这三部以杜宾(有的地方翻译成迪潘)的小说里面,杜宾是毫无疑义的主角,而小说的第一人称我则是一个故事的叙述者。

《失窃的信》这部小说几乎所有的事情都发生在叙述中。

事情都已经发生过,被人叙述出来的,而不是小说描述了客观的发生了什么样的事情。

芥川龙之介的《竹林中》也有异曲同工,但是《竹林中》是通过不同的角度来对同一个事情进行描述,仿佛不同的角度带来了一个不可知的讨论空间,而事实本身是不重要的,重要是人物所在的位置和立场决定了他们会说什么样的话。

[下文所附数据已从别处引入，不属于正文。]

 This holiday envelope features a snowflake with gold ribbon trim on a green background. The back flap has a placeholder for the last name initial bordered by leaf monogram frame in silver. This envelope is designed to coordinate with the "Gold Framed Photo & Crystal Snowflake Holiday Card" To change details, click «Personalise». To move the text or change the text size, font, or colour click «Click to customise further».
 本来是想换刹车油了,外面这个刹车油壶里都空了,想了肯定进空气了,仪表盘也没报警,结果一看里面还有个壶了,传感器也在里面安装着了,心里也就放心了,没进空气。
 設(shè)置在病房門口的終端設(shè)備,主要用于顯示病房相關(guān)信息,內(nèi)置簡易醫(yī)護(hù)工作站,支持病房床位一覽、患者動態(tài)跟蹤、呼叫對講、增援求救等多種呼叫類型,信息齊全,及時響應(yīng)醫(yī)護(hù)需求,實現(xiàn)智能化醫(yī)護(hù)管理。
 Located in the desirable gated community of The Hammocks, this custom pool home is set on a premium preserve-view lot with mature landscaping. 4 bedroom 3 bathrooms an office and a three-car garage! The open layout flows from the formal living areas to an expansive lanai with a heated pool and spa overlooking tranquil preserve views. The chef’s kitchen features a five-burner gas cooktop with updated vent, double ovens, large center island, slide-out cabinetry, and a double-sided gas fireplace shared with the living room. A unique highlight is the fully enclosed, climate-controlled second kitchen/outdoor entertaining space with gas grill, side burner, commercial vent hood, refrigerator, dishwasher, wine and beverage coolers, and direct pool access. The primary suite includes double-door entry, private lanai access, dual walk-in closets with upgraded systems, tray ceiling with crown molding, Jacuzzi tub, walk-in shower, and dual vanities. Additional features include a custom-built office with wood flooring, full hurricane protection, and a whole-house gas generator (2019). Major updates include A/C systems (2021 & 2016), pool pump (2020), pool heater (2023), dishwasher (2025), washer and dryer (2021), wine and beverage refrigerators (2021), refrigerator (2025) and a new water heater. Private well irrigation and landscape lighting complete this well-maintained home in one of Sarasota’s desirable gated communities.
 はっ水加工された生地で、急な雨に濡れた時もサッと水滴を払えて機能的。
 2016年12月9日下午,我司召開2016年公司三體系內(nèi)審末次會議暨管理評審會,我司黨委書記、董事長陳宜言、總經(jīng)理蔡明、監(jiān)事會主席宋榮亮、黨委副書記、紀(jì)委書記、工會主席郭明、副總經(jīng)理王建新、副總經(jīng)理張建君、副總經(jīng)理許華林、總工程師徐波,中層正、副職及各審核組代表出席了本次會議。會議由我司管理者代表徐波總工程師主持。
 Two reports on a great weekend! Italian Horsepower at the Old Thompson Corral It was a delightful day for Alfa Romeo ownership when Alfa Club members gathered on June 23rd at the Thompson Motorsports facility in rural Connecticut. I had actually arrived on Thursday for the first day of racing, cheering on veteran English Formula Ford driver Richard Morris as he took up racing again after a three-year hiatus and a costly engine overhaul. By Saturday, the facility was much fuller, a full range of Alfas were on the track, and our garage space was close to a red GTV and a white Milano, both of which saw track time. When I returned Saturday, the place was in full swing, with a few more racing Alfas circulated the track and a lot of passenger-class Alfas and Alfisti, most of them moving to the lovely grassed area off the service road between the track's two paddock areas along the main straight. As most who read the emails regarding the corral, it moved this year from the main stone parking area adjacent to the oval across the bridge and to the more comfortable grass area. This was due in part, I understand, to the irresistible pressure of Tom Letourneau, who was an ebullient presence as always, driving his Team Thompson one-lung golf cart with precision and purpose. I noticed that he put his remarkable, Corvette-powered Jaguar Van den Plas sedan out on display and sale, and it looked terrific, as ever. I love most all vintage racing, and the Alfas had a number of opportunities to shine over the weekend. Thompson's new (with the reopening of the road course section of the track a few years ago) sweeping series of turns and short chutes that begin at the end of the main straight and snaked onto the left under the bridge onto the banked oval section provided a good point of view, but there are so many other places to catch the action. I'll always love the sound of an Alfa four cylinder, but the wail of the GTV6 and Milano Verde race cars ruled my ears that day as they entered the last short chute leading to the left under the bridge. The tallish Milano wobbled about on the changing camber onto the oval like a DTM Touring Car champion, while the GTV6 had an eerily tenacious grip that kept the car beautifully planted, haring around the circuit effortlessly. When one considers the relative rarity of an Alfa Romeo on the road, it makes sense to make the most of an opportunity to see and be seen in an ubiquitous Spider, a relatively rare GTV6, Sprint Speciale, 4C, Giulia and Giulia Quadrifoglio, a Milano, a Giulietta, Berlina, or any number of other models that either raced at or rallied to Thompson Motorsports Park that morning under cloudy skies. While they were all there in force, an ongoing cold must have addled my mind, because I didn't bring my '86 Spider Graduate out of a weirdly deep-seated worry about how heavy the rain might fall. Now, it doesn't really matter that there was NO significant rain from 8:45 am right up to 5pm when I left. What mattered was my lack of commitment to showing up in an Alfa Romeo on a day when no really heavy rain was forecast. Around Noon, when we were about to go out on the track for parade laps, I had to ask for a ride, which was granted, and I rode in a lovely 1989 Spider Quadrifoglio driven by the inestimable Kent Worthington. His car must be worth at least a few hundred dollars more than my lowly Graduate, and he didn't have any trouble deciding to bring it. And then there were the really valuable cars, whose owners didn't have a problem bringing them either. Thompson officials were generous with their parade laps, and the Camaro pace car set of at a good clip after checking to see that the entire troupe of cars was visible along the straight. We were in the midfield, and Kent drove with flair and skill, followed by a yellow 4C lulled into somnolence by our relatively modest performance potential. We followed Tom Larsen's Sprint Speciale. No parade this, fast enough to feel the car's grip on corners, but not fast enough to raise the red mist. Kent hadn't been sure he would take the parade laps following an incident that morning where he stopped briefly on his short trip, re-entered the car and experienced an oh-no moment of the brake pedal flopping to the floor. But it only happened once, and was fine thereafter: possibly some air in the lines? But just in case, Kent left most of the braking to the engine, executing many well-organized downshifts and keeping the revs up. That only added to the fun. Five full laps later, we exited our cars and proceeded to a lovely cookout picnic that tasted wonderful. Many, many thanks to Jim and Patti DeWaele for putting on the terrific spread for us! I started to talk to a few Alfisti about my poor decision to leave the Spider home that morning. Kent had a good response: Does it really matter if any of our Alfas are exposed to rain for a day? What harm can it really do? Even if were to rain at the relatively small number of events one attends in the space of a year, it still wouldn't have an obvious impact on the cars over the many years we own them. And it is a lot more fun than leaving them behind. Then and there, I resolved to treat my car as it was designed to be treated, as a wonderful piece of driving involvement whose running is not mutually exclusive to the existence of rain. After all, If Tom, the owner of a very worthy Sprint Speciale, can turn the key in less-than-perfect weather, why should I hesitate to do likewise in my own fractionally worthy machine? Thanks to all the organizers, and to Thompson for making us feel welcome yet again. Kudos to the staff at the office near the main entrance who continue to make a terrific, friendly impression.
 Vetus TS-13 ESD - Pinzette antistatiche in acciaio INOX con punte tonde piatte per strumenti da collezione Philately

但如果是这么说的话,又好像会落入到一种所谓 罗生门,或者导向某种“相对主义”。最后变成什么“人心难测”,“人性论”这种“人性的不可知论”。

但不管怎么说,无论是爱伦坡,还是拉康,都没有在这个问题上让步。

回到《失窃的信》上来,我们看看这个离奇情节到底是怎么样能成立的。

先说第一个场景】,也就是所谓的“原初场景”。

王后手里有一封密信,这是无论如何他都不想要被国王看到的,但这个是事实吗? 我是指在大臣的视角中,这明显不是一个确凿的事实,哪怕这个大臣见惯了各种各样的场面,对王后的神态,面部表情这种微妙的变化有自己的推断,但是这也仅仅是一个推断,大臣又是怎样进一步的去验证自己的推理的呢?

这个答案在小说的中后期会借由杜宾的话来进行阐释,谜底就是(D大臣)站在王后的角度设想自己如果推理正确的话,那么王后会有怎么样的反应呢?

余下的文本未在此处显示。